And so every idea is out. I don't know. I mean, it's really, really hard for me to, hard for me to tell.
Matt: Yeah, I think some of some of the things that were so like new or appealing about Agile, I think just like the good. The, the, you know, like the most effective, the good parts like, just became table stakes everywhere. And so it kind of like lost its, um, affiliation with Agile. I think you can see that too.
Like if you look, do you remember there was a thing that was called like the Joel test that
Dave: Yes. Mm-hmm. , definitely.
Matt: evaluating like a, a company or like a potential job posting or something. And like you looked at, you look at that and it was like, Oh yeah, there, there are so many things. Or on that list, like, and I think there were things like, you know, can you like automatically deploy your software?
And it's like, like at the time that was actually a differentiator between companies. Right
Dave: having release engineers who had to do
I mean now it would, now you'd almost, uh, you'd almost like, maybe you could in some weird, cheeky, like, you know, anti counterculture way, like be like, Yeah, we still do manual deploys as like a selling point for your company or something.
But like, I don't think, I don't think anyone into software now. Would think that that was the default. And I don't
Matt: it's always
Dave: using version control and all, all
Matt: Yeah, yeah. Using version control, right. Like that, that used to be something that you would say like, Oh, I need to ask this, Ask the company in the interview, like, are the, are you using version control?

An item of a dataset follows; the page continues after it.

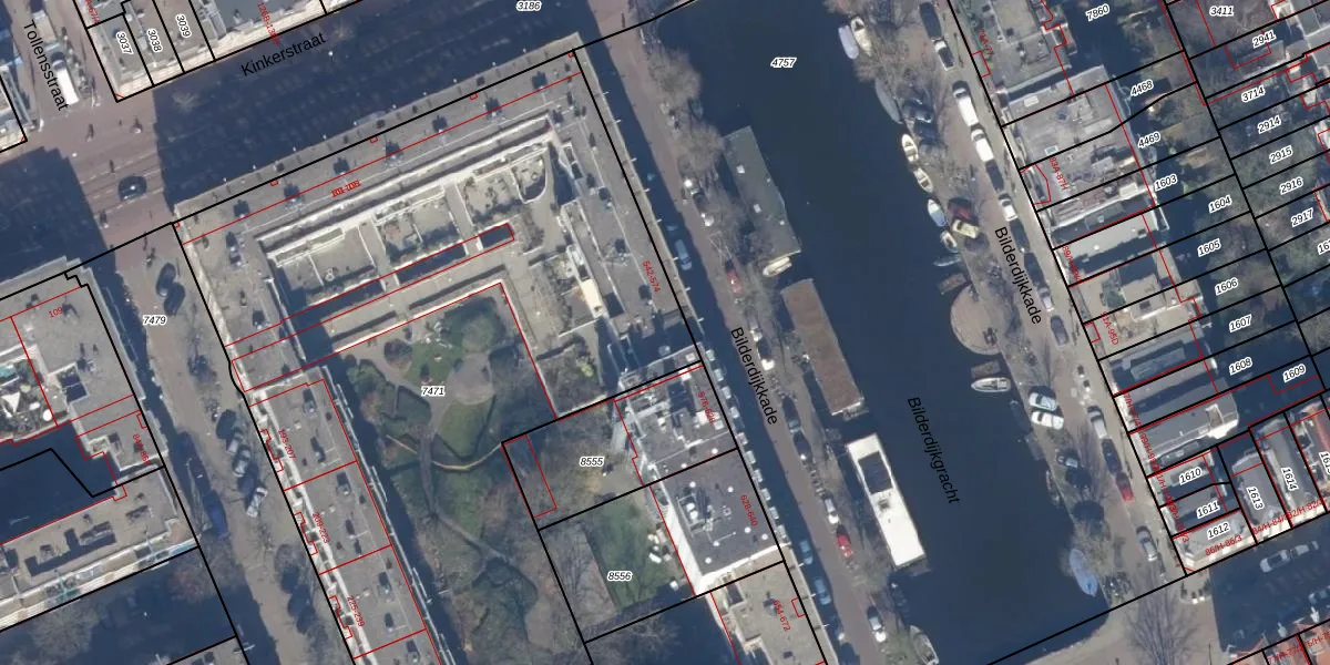 Het perceel waarop Bilderdijkkade 564 staat heeft een oppervlakte van 4713 m². Dit is een zeer groot perceel. De perceeloppervlakte wordt geregistreerd door het Kadaster. Gedetailleerde informatie over de maten van dit perceel kunt u vinden in het rapport Kadastrale kaart met maatvoering van Bilderdijkkade 564.

And it's like, now it's, it's, it's just like a given. So I'm wondering how much of these agile things just kind of permeated into like, Yep. That's just how.
Dave: yeah. Right.
Matt: like Jira used to be like
Oh yeah. Like instead of a design document that's like 400 pages and then like, Yeah, like the software needs to do this.
At the end of two years, at some point it was like, Oh yeah, this is like, we're gonna break work down into stories and we're going to think about things from like the user's perspective. I think a lot of this just became like the collective consciousness.
Dave: Yeah. Yeah. Well it's interesting too cuz I was thinking about like, um, a lot of developers, like they. They're, they don't like doing a design on any level. And it's because Agile said, I think it's either Agile or xp. It's like no big design upfront. And like I think a lot of developers don't know what a big design upfront actually is.
I think because no one does that anymore. No one writes the 400 page design doc anymore. They're like, Any design must be that big design up front that I was hearing about. So we don't do that. And it was just, it was very interesting. Like at Stitch Fix I would be like, Hey, maybe we should like write a design before you start coding.
And some developers are like, I don't, why would I do that? We don't do design up front. And it's like, you need to think through what you're doing a little bit. And I don't think an agile person would tell you not to think through what you're doing. But yes, we're not doing big design up front, but it's like you said, like now it's table stake.
No one makes a big design anymore, so no one even knows what that is. Um, so I don't know. It's very, very interesting. Um, yeah, I don't, I mean, it still seems like it's a mess. Um, I, I worked on a big project at Stitch Fix where we had a date because the fashion industry, as you may or may not know, you do not launch a new, uh, line, um, in the summer or in the winter.
You have to have it ready to go for spring or ready to go for fall. So we had a date. It was either gonna be ready for spring or ready for fall. And business wise, it needed to be ready for spring. So we started doing stuff I wanted to do can band. I didn't wanna track anything. I was like, Look, we can just figure it out.
And the team just did not get anything done. So we had to start making stories. And we were like, Okay, people are asking us how quickly we're doing it. So we just said, Okay, every story is one point. We're just gonna show a burn down of just stories. And we're not gonna say how big the stories are. We're not gonna make the stories be one hour or one day or one week.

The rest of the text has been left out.